Ball Pythons are cleaner than other snakes because they defecate less often than other snakes due to their low metabolism. As a result, you don’t need to clean their habitat all that often.

That said, you should still inspect your ball python’s cage for fecal matter daily and clean it out. If it slithers in its poop, then you will not only have a smelly cage but a smelly snake as well. You can clean your snake in warm clean water (no soap or astringents necessary, and no scrubbing please) any time you notice it’s smelly.

Your ball python’s feces will smell worse if the snake is not well hydrated, has an infection, or digestive complication that can be diagnosed and treated by a vet.

Besides the smell of feces, anxious ball Pythons let out a stinky-smelling fluid from their cloaca. There is no one way of classifying the smell of the secretion as it varies depending on your ball python. It can range anywhere from the smell of rotten veggies or rotten meat, all the way to stinky feces.

You should take your snake’s musking as its way of communicating with you. if it’s new to its environment, it’s probably trying to tell you that it is uncomfortable. If you are handling it, it may not be up to it and probably just wants to relax in its cage.

It could also be reacting to the presence of other pets or noise. The musking will stop when you eliminate the cause.


Q: What are the important factors to consider before getting a ball python?

A: Before getting a ball python as a pet, it’s important to consider factors such as your experience with reptiles, the space you have available for their enclosure, and your commitment to providing proper care and maintenance.

Q: How long do ball pythons live?

A: Ball pythons have a relatively long lifespan in captivity. With proper care, they can live for 20 to 30 years.

Q: How big do ball pythons grow?

A: Ball pythons are a relatively small species of snake. On average, males will reach a length of 3 to 4 feet, while females can grow to be between 4 to 5 feet in length.

Q: What do ball pythons eat?

A: Ball pythons are carnivores and feed primarily on small mammals such as mice and rats. They are known for their ability to restrain and consume prey that is larger than their own head.

Q: Do ball pythons require a specialized diet?

A: Yes, ball pythons require a diet that consists mainly of appropriately sized frozen-thawed or pre-killed rodents. It’s important to ensure that the prey items are of the correct size to avoid any health issues.

Q: How often do ball pythons need to eat?

A: Ball pythons are known for their ability to go for extended periods without eating. As adults, they typically eat every 1 to 2 weeks, while younger snakes may require more frequent feedings.

Q: What type of enclosure is suitable for a ball python?

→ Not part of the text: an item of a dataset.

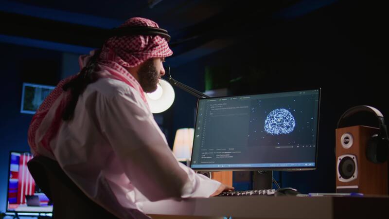 Developer typing on keyboard, updating artificial intelligence neural networks, writing complex binary code scripts. Muslim freelance programmer in personal office upgrading high tech AI Pro Video

A: A suitable enclosure for a ball python should be secure, have adequate space for the snake to move around, have a temperature gradient ranging from 75-85°F (24-29°C), and provide hiding spots for the snake to feel secure.

Q: Do ball pythons require any special heating or lighting?

A: Ball pythons require a temperature gradient in their enclosure to properly thermoregulate. This can be achieved using heating pads, heat lamps, or ceramic heat emitters. They do not require any special lighting, but a regular day/night cycle can be beneficial.

Q: How often should I clean my ball python’s enclosure?

A: It’s recommended to spot-clean your ball python’s enclosure regularly to remove any waste. A complete enclosure cleaning should be done every 4-6 weeks to maintain a clean and hygienic environment for your snake.

In Conclusion

In conclusion, Ball Pythons are considered to be excellent pets, especially for beginners, due to their typically docile nature, manageable size, and low-maintenance care requirements.

However, it’s important to remember that they can display defensive behaviors when stressed or threatened, and therefore require an environment that makes them feel safe and secure.